Impactos Práticos para Herdeiros, Meeiros e Inventariantes

Do ponto de vista prático, a decisão do STJ produz efeitos significativos para os diversos atores envolvidos no inventário. Para os herdeiros necessários, especialmente filhos e descendentes, a possibilidade de concluir a partilha sem desembolso imediato do ITCMD reduz o risco de multas, bloqueios e litígios familiares prolongados. Para o cônjuge ou companheiro sobrevivente, a medida facilita a consolidação do direito real de habitação e o acesso aos bens necessários para a manutenção do padrão de vida.

Já para o inventariante, a flexibilização do pagamento imediato do imposto representa maior viabilidade na administração do espólio, permitindo a venda regular de bens após a partilha, a quitação de dívidas e o cumprimento das obrigações fiscais em momento financeiramente mais adequado. Em termos sistêmicos, a decisão também contribui para a redução do número de inventários judiciais abertos exclusivamente por impossibilidade financeira de recolhimento prévio do ITCMD.


Reflexos no Planejamento Sucessório e na Estratégia Patrimonial

O novo entendimento do STJ dialoga diretamente com práticas modernas de planejamento sucessório, como a utilização de holdings familiares, doações em vida com reserva de usufruto e reorganização patrimonial preventiva.
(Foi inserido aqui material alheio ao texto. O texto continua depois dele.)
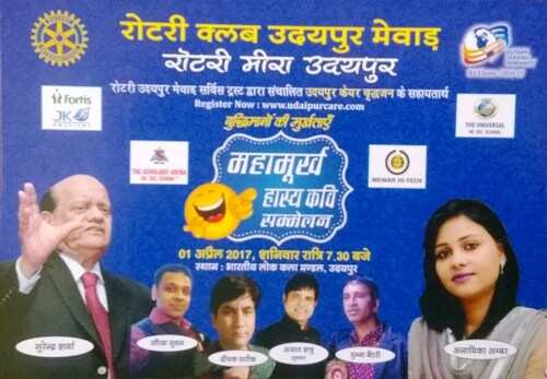 वरिष्ठ नागरिकों को 24 घंटे हर प्रकार की सुविधाएं उपलब्ध कराने के लिए जिला प्रशासन द्वारा लागू किये गये उदयपुर केयर नामक प्रोजेक्ट को अपने हाथ में लेकर रोटरी क्लब मेवाड़ द्वारा उसका सफलतापूर्वक संचालन हेतु धनसंग्रह के लिए 1 अप्रेल को रोटरी क्लब मींरा के साथ शहर में लोककला मण्डल में शाम साढ़े सात बजे से पहली बार महामूर्ख हास्य कवि सम्मेलन का आयोजन किया जा रहा है। यह कवि सम्मेलन हास्य से सराबोर रहेगा। क्लब अध्यक्ष संदीप सिंघटवाडिय़ा ने बताया कि इस कवि सम्मेलन में देश के हास्य सम्राट एवं चार लाईना फेम कवि पदमश्री सुरेन्द्र शर्मा,कवि सौरभ सुमन, कवियित्री डॉ.अनामिका अम्बर, कवि मुन्ना बैटरी, कवि दीपक पारीक एवं कवि अजातशत्रु अपनी हास्य रचनाओं से सभी को हास्य से सराबोर करेंगे। कवि सम्मेलन के सूत्रधार कवि अजातशत्रु होंगें।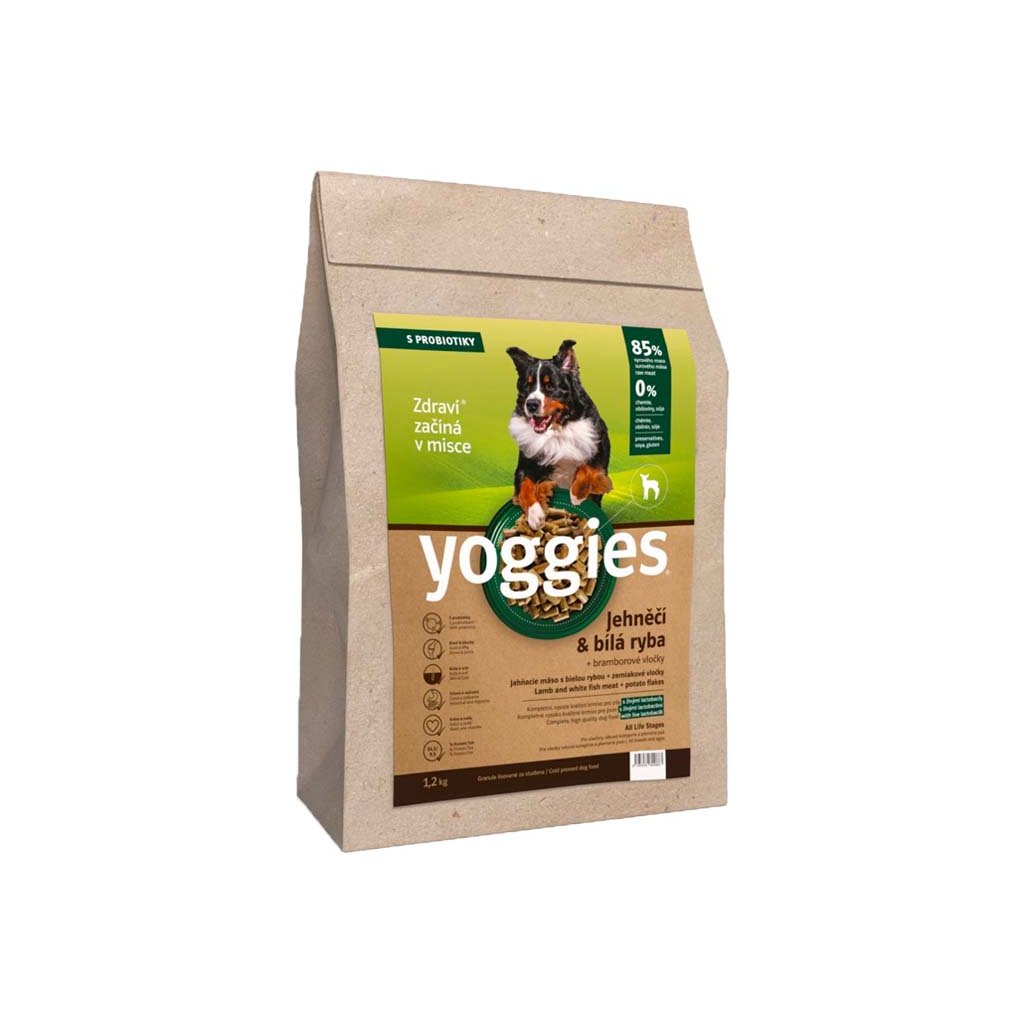 Granule lisované za studena Yoggies s jehněčím masem a bílou rybou jsou novým trendem ve zdravém krmení psů. Jsou bez obilí, sóji, lepku i chemie, zato obsahují spoustu jehněčího masa a bílé ryby. Díky unikátnímu procesu výroby si zachovávají přírodní obsah živin, a tím napodobují potravu psa z přírody. Granule jsou vyrobeny z 85% syrového masa (před pomalým sušením) a obsahují také probiotika i prebiotika, Omega 3 i 6, a tím posilují imunitní systém psa. Granule Yoggies v žaludku nebobtnají a jsou skvěle stravitelné. K výrobě je použito výhradně kvalitních, syrových mas (žádný odpad), ovoce, zeleniny i výtažku z masa mušle Perna canaliculus pro podporu šlach, vazů a kloubů. Suroviny jsou mlety nahrubo. To podporuje peristaltiku střev a čistí trávicí trakt od usazenin a různých parazitů.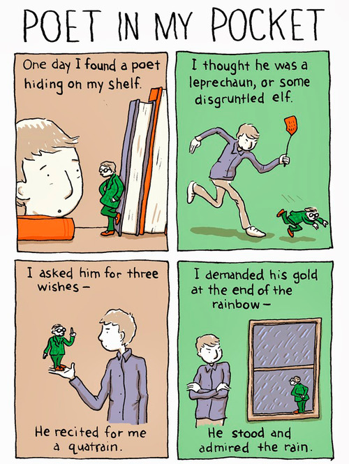 Un día atopei un poeta agochado no meu andel. Crin que era un trasno ou algún elfo contrariado. Pedinlle tres desexos: el declamoume un cuarteto. Pedinlle o ouro ao final do arco da vella: ficou quieto, admirando a choiva.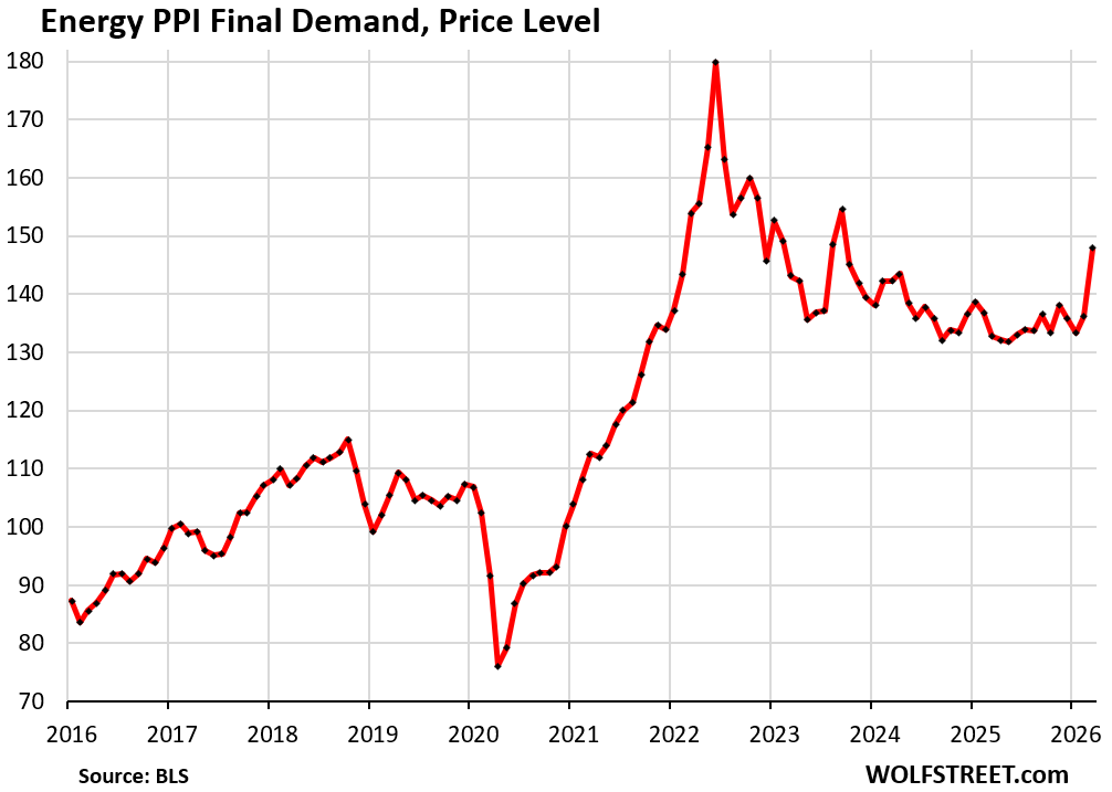 The chart shows the price level of the energy PPI. The big spike in March pushed the price level to the highest since the September 2023 spike.

Ao permitir maior flexibilidade na fase pós-morte, o sistema sucessório se torna mais coerente com a realidade econômica das famílias brasileiras, especialmente aquelas cujo patrimônio está concentrado em bens imóveis ou participações societárias.

Ainda assim, é importante destacar que a decisão não substitui o planejamento prévio. Pelo contrário, ela reforça a importância de uma atuação jurídica estratégica, capaz de minimizar impactos tributários, evitar conflitos familiares e garantir segurança jurídica tanto na sucessão legítima quanto na testamentária.


Principais Pontos

  • O STJ admitiu a lavratura de inventário extrajudicial sem pagamento imediato do ITCMD.
  • A decisão não afasta a obrigação tributária, apenas redefine o momento da exigibilidade.
  • O entendimento beneficia herdeiros sem liquidez imediata para quitar o imposto.
  • A medida fortalece a desjudicialização do Direito das Sucessões.
  • A análise do caso concreto e a orientação jurídica especializada continuam essenciais.

Por Que Isso Interessa para Você?

A possibilidade de concluir a partilha de herança sem o pagamento imediato do ITCMD tem impactos diretos na liberação de bens, na regularização de imóveis para venda, no acesso a contas bancárias e na continuidade das atividades empresariais do falecido. Para famílias recompostas, com herdeiros de diferentes relacionamentos, a agilidade na partilha reduz tensões e riscos de litígios futuros. Para empresários e proprietários de imóveis, evita a deterioração patrimonial causada por longos períodos de indefinição jurídica.

Mais do que nunca, o cenário sucessório brasileiro exige planejamento, estratégia e assessoria jurídica qualificada, capaz de interpretar corretamente os entendimentos dos tribunais superiores e aplicá-los de forma segura à realidade concreta de cada família.